Mr Sankey pointed to an LNG cargo that was being redirected back from Belgium to the US from where it originated in the first place. All up, including liquefaction, shipping, loading, reloading and unloading, he put the cost at $US10/MMBTU delivered, well above the US benchmark spot price at Henry Hub of $US1.85. That delivers a “netback” of negative $US8.15/MMTBU, equivalent to negative $US49 a barrel of oil.
“What a mess the market is in, with many of the characteristics of heavy oil, namely high fixed/sunk capital, low storage relative to production scale, distressed low marginal cost production,” Mr Sankey told clients.
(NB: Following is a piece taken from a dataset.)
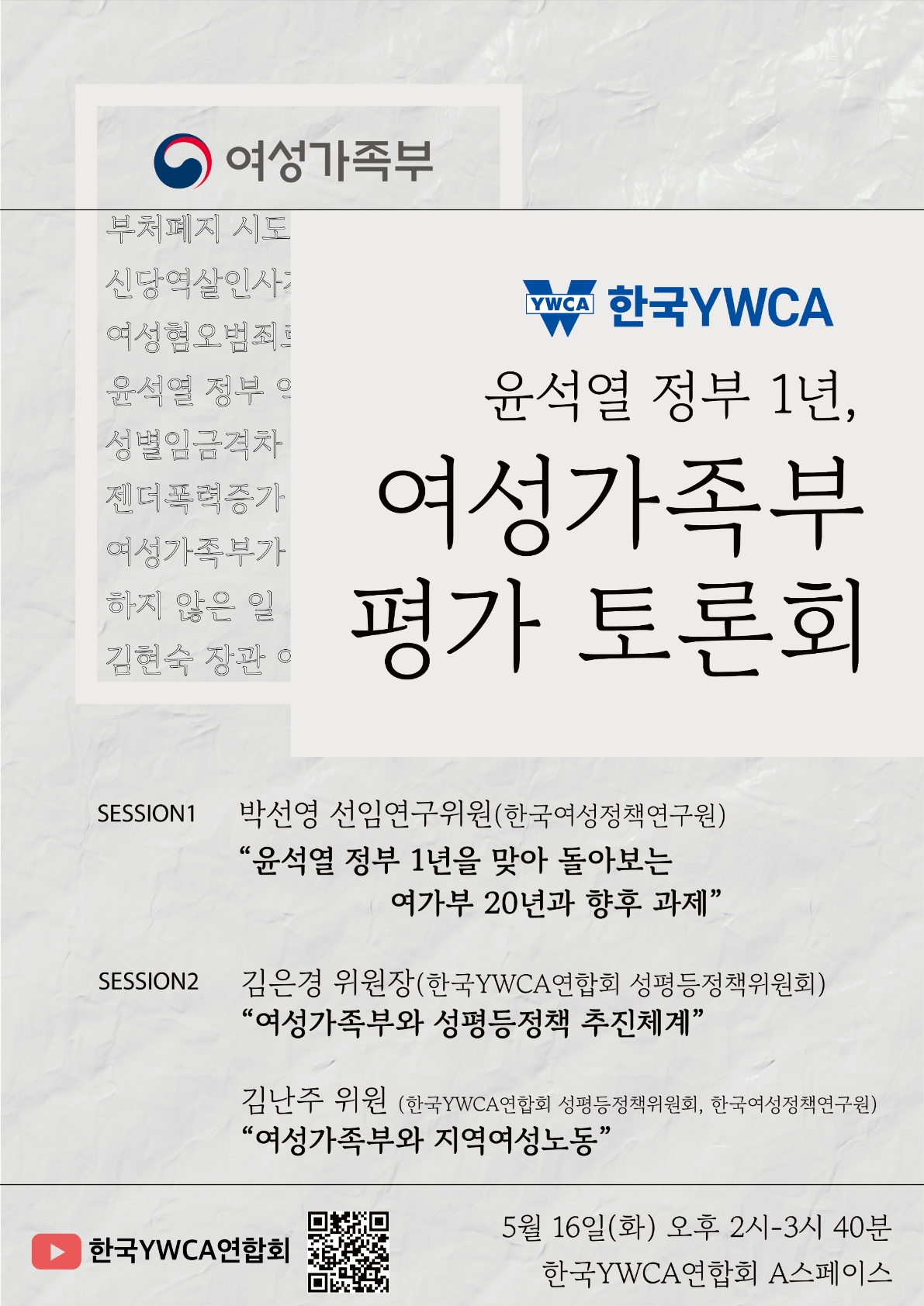 이에 한국YWCA연합회는 지난 1년 간 여성가족부의 역할을 되짚어 보고 향후 나아가야 할 방향을 모색하기 위해 평가 토론회를 진행하고자 합니다.

The impact of the dire market on US LNG cargoes also has a local angle. With the further slump in contract LNG prices in Europe and Asia due to the collapse in oil prices, the expected gap in prices between cheap shale in the US and overseas gas markets has disappeared.
That has ruined the business case behind deals struck by Woodside and others several years ago to purchase US cargoes.
“The global gas market today looks vastly different to when these contracts were signed,” Wood Mackenzie Asia Pacific vice chairman Gavin Thompson said in a blog.
“The economic chaos wrought by the coronavirus lockdown has cratered demand and worsened the LNG oversupply, pushing global gas prices even lower.”
Sydney-based Citigroup analyst James Byrne has told clients that Woodside is “likely to be out of the money…for 20 years” on a deal it struck in 2014 and which started up in May to purchase cargoes from the Corpus Christi LNG export terminal in Texas.
Mr Byrne puts the hit to Woodside’s 2020 profit at $US46 million as the company elects to pay a $US3.50/MMBTU “take-or-pay” toll fee rather than taking delivery of the gas. Total losses over 20 years could amount to $US1.5 billion, Citi estimates, noting the deal would only break even at an oil price of $US72 a barrel, assuming a long-term Henry Hub price of $US2.50/MMBTU.
Woodside has yet to give formal guidance on its US LNG cargoes, amid expectations of an update in its June quarter report on July 16. However chief executive Peter Coleman said in early May that the industry in general “is not taking cargoes out of any of those plants for on-sale into Europe”.
While Woodside, like Santos and Oil Search, remain confident in the long-term outlook for LNG, Mr Coleman has acknowledged the risk that companies “drink our own cordial” and over-invest in new LNG capacity once the market stabilises and billions of dollars of stalled potential investments come back onto the table.